• Task details: From the material below, set down exactly the lines that run from the one containing "Image: Diagram illustrating" to the one containing "Figure 3-6. SAW Minicad II", minus the pictures.

[Start of Attachment]

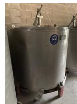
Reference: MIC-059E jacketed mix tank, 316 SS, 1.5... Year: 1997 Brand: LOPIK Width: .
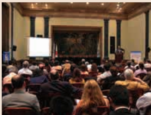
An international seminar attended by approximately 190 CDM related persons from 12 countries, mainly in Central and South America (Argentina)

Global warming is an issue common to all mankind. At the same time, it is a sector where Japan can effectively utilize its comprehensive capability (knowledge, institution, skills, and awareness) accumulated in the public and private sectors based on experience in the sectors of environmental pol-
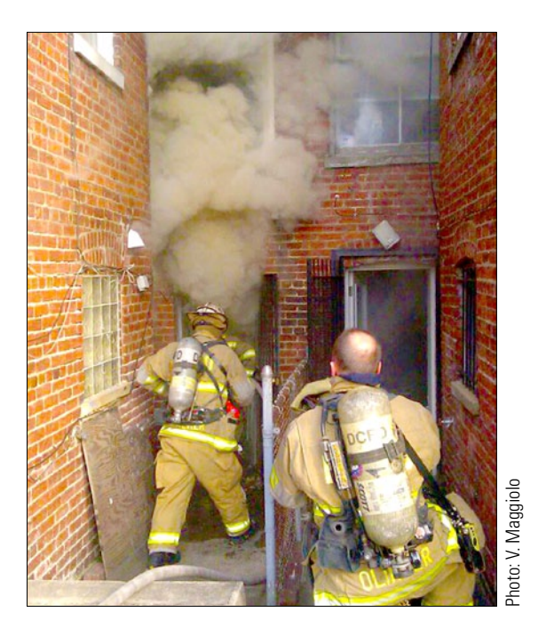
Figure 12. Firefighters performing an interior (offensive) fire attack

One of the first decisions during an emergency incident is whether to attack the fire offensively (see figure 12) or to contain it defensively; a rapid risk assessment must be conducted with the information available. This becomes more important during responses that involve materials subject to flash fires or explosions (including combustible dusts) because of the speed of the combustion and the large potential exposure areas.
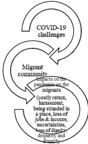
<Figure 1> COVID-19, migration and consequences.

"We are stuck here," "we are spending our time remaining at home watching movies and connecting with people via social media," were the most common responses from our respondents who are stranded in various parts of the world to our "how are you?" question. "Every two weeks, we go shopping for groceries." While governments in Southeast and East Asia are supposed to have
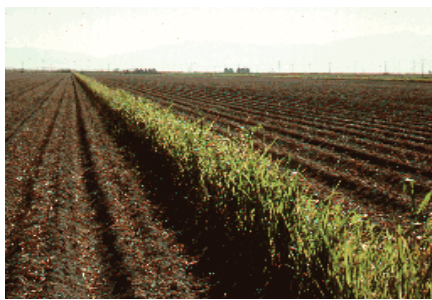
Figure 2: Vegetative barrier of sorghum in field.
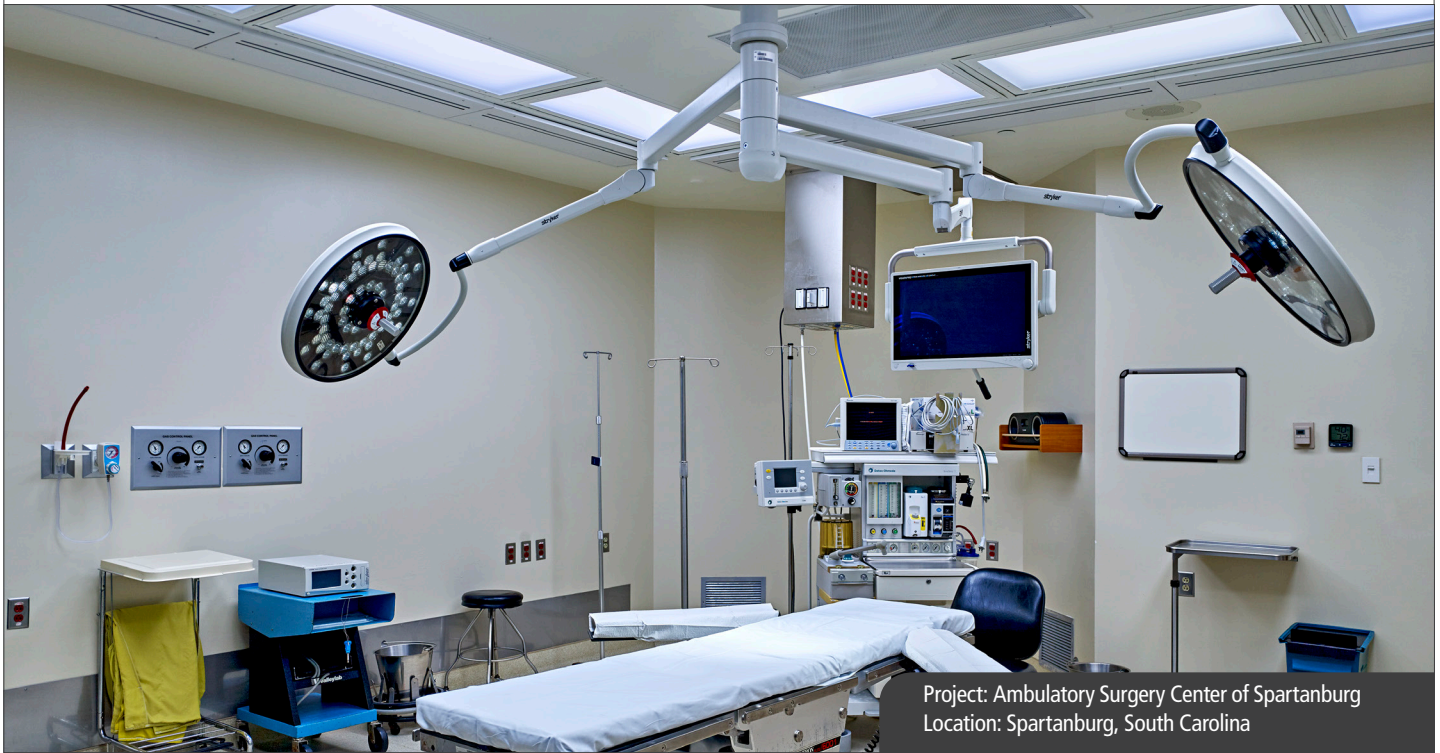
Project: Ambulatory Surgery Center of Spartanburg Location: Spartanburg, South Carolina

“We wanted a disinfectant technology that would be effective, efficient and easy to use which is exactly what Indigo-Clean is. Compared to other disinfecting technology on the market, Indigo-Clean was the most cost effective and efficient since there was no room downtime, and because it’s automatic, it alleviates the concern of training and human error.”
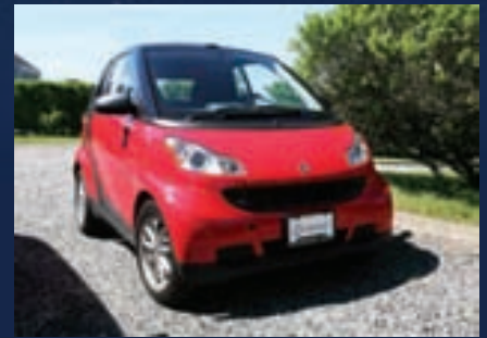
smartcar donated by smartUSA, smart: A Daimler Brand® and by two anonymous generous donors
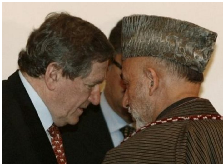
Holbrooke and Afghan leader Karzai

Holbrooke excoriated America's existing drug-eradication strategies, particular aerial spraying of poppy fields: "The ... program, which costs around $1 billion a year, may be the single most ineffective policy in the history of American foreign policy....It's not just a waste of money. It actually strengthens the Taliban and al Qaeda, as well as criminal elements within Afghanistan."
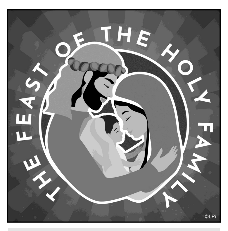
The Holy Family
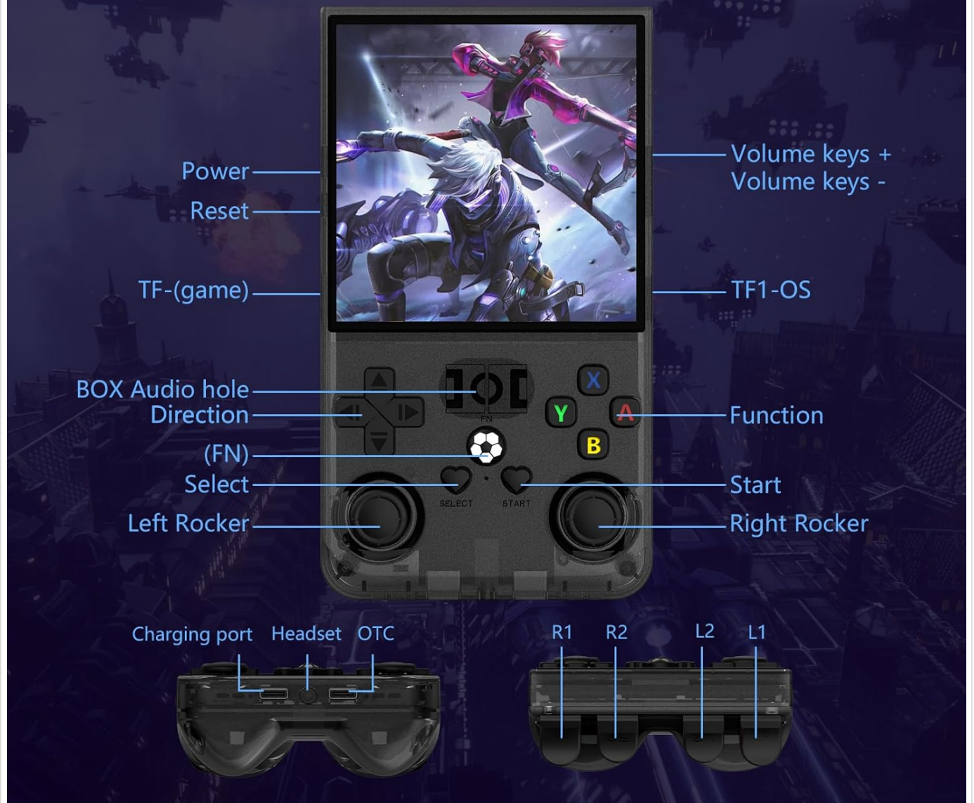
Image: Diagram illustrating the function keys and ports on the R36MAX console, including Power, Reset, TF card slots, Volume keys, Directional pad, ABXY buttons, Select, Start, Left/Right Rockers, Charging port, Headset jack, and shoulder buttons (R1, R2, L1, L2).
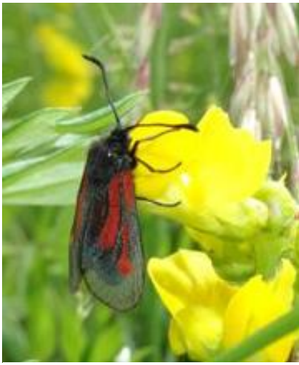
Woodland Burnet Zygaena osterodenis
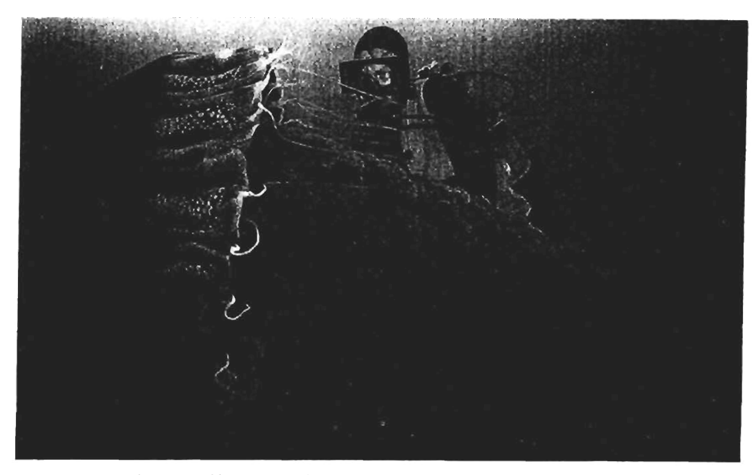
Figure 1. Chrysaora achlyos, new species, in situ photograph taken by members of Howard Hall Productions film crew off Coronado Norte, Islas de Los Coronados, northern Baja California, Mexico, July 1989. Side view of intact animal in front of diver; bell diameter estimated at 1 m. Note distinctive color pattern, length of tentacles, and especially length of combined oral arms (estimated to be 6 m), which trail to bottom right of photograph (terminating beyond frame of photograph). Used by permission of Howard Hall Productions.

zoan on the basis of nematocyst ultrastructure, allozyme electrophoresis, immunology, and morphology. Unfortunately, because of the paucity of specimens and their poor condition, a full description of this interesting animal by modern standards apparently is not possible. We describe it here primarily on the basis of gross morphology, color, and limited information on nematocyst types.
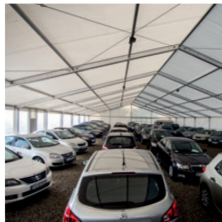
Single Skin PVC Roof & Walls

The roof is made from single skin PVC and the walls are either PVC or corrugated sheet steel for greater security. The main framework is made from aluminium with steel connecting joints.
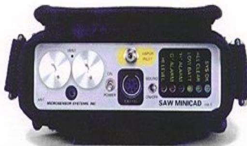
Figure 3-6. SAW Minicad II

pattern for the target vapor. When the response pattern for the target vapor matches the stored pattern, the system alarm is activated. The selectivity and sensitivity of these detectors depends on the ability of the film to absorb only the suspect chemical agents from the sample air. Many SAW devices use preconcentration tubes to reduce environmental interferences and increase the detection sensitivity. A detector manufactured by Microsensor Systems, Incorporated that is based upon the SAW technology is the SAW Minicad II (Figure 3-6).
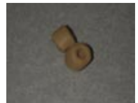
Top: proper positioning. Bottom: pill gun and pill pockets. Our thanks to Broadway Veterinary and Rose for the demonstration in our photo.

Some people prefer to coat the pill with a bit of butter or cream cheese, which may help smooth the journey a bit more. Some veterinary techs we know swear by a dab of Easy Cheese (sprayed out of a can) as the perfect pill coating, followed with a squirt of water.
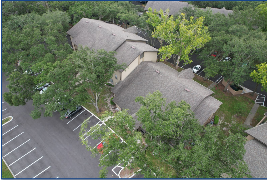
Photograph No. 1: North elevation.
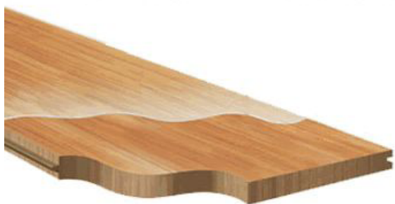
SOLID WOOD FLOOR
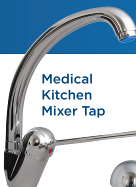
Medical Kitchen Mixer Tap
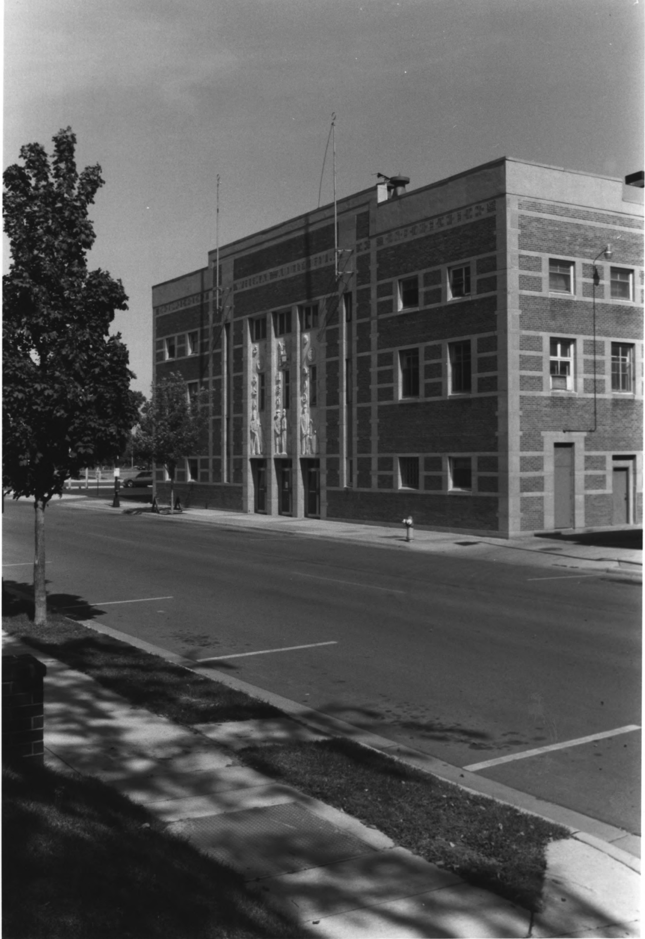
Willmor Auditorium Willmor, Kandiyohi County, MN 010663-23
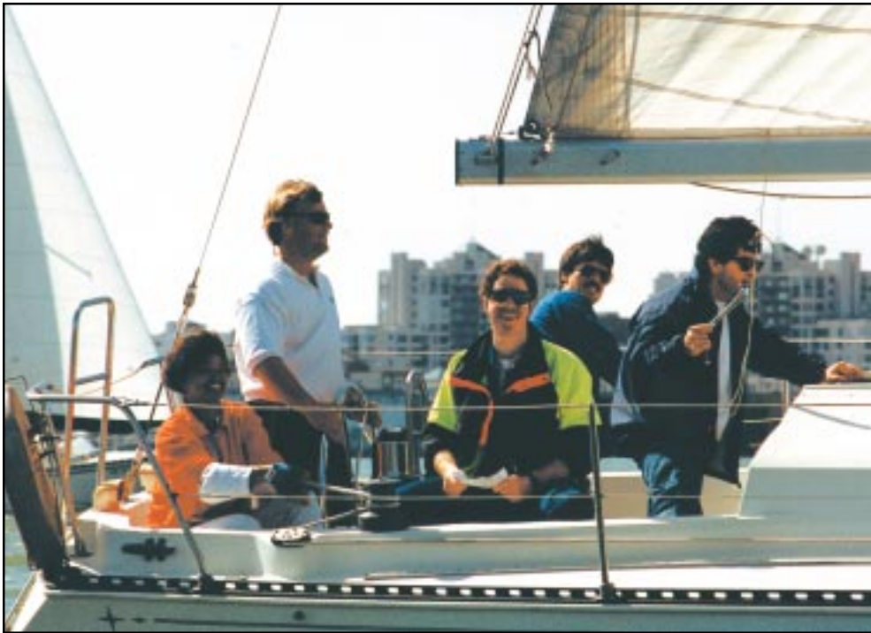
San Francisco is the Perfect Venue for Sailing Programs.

[End of Attachment]

• Written response:
Image: Diagram illustrating the function keys and ports on the R36MAX console, including Power, Reset, TF card slots, Volume keys, Directional pad, ABXY buttons, Select, Start, Left/Right Rockers, Charging port, Headset jack, and shoulder buttons (R1, R2, L1, L2).
Woodland Burnet Zygaena osterodenis
Figure 1. Chrysaora achlyos, new species, in situ photograph taken by members of Howard Hall Productions film crew off Coronado Norte, Islas de Los Coronados, northern Baja California, Mexico, July 1989. Side view of intact animal in front of diver; bell diameter estimated at 1 m. Note distinctive color pattern, length of tentacles, and especially length of combined oral arms (estimated to be 6 m), which trail to bottom right of photograph (terminating beyond frame of photograph). Used by permission of Howard Hall Productions.

zoan on the basis of nematocyst ultrastructure, allozyme electrophoresis, immunology, and morphology. Unfortunately, because of the paucity of specimens and their poor condition, a full description of this interesting animal by modern standards apparently is not possible. We describe it here primarily on the basis of gross morphology, color, and limited information on nematocyst types.
Single Skin PVC Roof & Walls

The roof is made from single skin PVC and the walls are either PVC or corrugated sheet steel for greater security. The main framework is made from aluminium with steel connecting joints.
Figure 3-6. SAW Minicad II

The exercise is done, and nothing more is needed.